En réponse à ces défis, les stratégies de relocalisation de la
production des matériaux de construction à proximité des
projets, associées à l’usage de matières premières locales,
renouvelables ou quasi inépuisables et peu énergivores,
sont appelées à se développer. En réduisant la dépendance
en énergie et en ressources exogènes, ils ont le potentiel
d’ancrer durablement le capital et l’investissement sur le
territoire, de réduire les vulnérabilités face aux chocs et de
s’affranchir des variabilités économiques globales, tout en
permettant une réduction des coûts de construction.
Au-delà de ces aspects macro-économiques, de tels processus
de relocalisation ont le potentiel de contribuer de
manière significative et durable à la revitalisation socioéconomique
des territoires, car ils permettent de valoriser
au mieux les ressources non seulement matérielles, mais
aussi humaines du territoire.
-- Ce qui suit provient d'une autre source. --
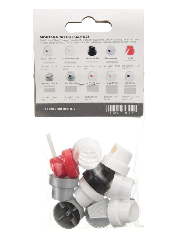 The Montana TRYOUT Cap Set is an all-round cap sets that enables users to try a variety of caps and their characteristics. Consisting of ten different caps, the assortment has caps that offer varying spray outputs from skinny, fat, rectangular and round. Apart from the Level Cap system which is optimised for use on Montana GOLD, the TRYOUT CAP set can enable graffiti artists, street artists, urban artists, DIYers, Crafters and practical object painters all to experiment with different potential spray trajectories that all fit on female valve cans.
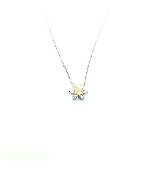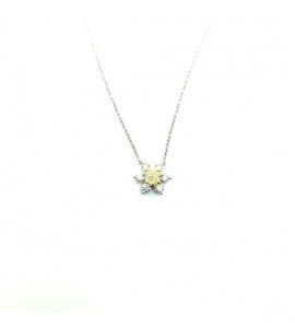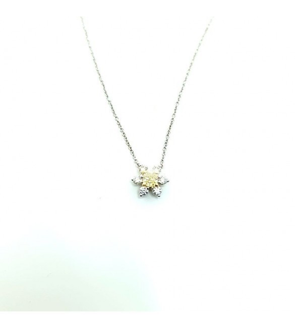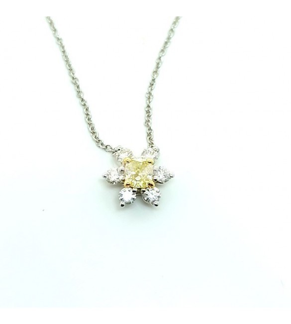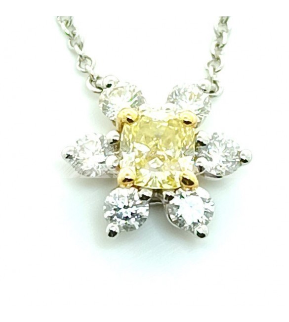 vende girocollo Tiffany Buttercup in platino 950 e oro giallo 750, con un diamante centrale taglio cuscino, Fancy Yellow, purezza VVS1, peso carati 0.34, provenienza Botswana Sort con sei diamanti taglio brillante, colore G-J, purezza IF-SI1, peso totale carati 0.27.

Il est possible de s’appuyer sur
les savoirs et savoir-faire existants, et valoriser une expérience,
parfois millénaire, tout en appuyant le développement
de compétences nouvelles et complémentaires afin
de répondre pleinement aux exigences actuelles. En outre,
en s’appuyant sur des savoir-faire partagés et maîtrisés, on
favorise alors la participation familiale et communautaire
(entraide, échange, autoconstruction) et donc la cohésion
sociale tout en réduisant les coûts de construction et d’entretien.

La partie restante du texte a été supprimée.